Edu-Cash-In
There has been a phenomenal growth in the education
sector in terms of business but the real motive behind is long lost. Inspired
by the latest trend, the term ‘Edu-Cash-in’ is coined. If its education, its
cash!
Schools, colleges have minted money, and analysts call it
the best bet over the next two decades. Let’s see how it all fell in place.
Economy grows, companies require good people to work, with adequate skills, now
here the passion to learn is taken over by the sheer goal of acquiring skills
for ‘money’ (pay). The government is falling short of time, so private players
cash-in the opportunity and there you find yourself in the education revolution
of high tech gadgets and swanky classrooms, off course all that comes with a
hefty price. Simple economics isn't it?
To add a little flavour government decides to increase the
demand of education by keeping the reservation system intact, and hence the
problem of wrong people in the right place arises, now the right person when in
the wrong place also losses the passion to learn and indulges in the quest to
get back what he/she has paid (invested).
So you say we have narrowed it down to, two simple
aspects-
·
Passion/ Motive (Money)
·
Right person/Wrong Place
Education trusts enjoy tax benefits, hence the rich have
a good opportunity to put in their black money, but it isn’t wrong if its social
service, but to gain more black money from the existing black money, makes it a
goldmine! Wow!
Education and learning were synonymous some time during
the Ramayana, which we only remember seeing in DD (Doordarshan). Cash gives it
a new meaning all together, you teach for money we learn for money! Isn’t it
amazing, how money can corrupt something as pure as education. Now there is no
learning its education. Has anybody ever asked you, what have you learned in
life? Nah! All we hear is, what are your academic credentials? True isn’t it?
Now when you move out to the corporate or the so called
outside world to earn your daily bread, you have learnt a few extraordinary
skills like sucking up to people, portraying everything you don’t know.
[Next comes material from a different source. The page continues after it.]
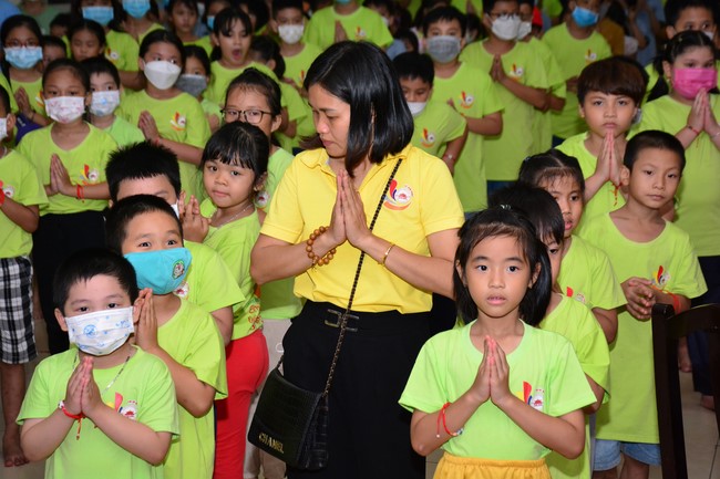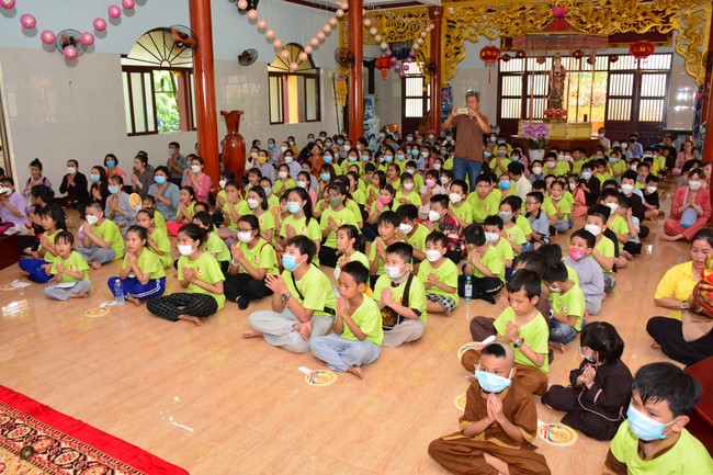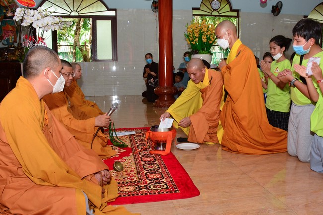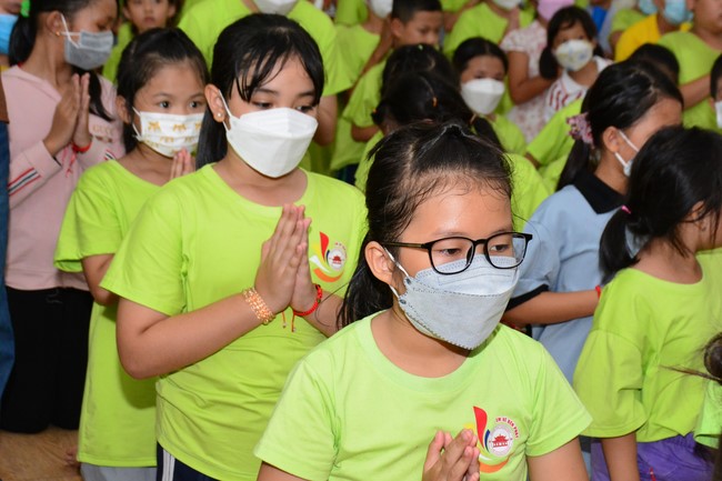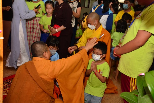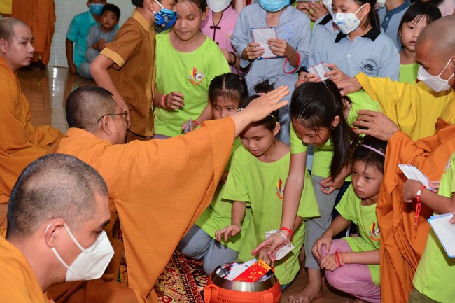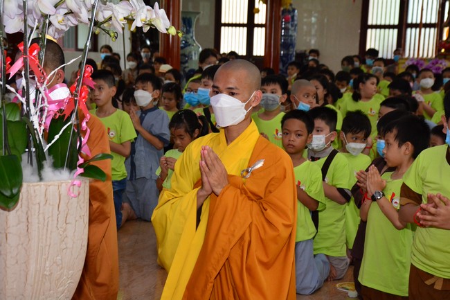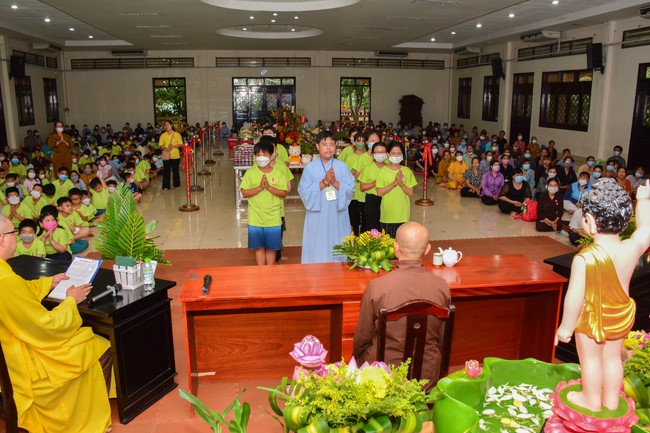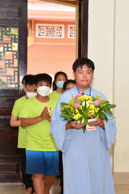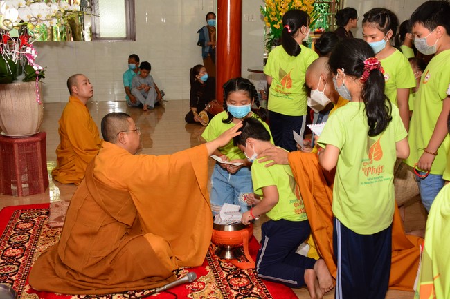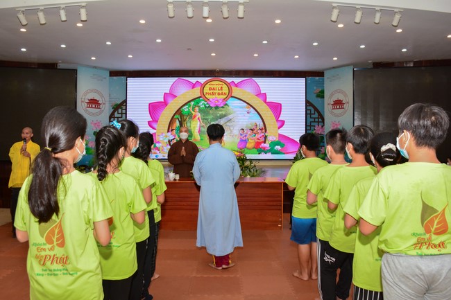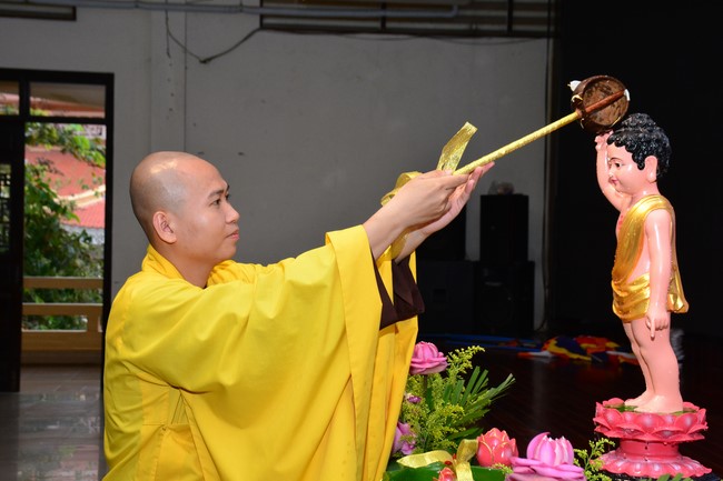 Sau đó, đại chúng cử hành nghi thức tắm Phật truyền thống. Đây là dịp nhắc các em về cội nguồn, ý nghĩa ngày Khánh đản của đức Tôn sư. Nhằm gieo duyên lành, gieo vào tâm thức của các em về hạnh nguyện tốt đẹp của Ngài, để các em noi theo học tập.

Strange we enter to learn, curiosity, the ability to ask
questions, the ability to be able to reason things with logic, the skill to
accept that we don’t know so many things, and the simple yet complicated art of
accepting. In the end we have given exams scored marks and learnt the opposite
of what we were supposed to learn.
Once while sitting on a journey after my graduation,
pondering on aspects of life and its reason, I coined a line which said, “The world
doesn’t belong to the pessimist or the optimist it belongs to the opportunists.”
Education as we knew rests in pieces and is now “Edu-Cash-In”.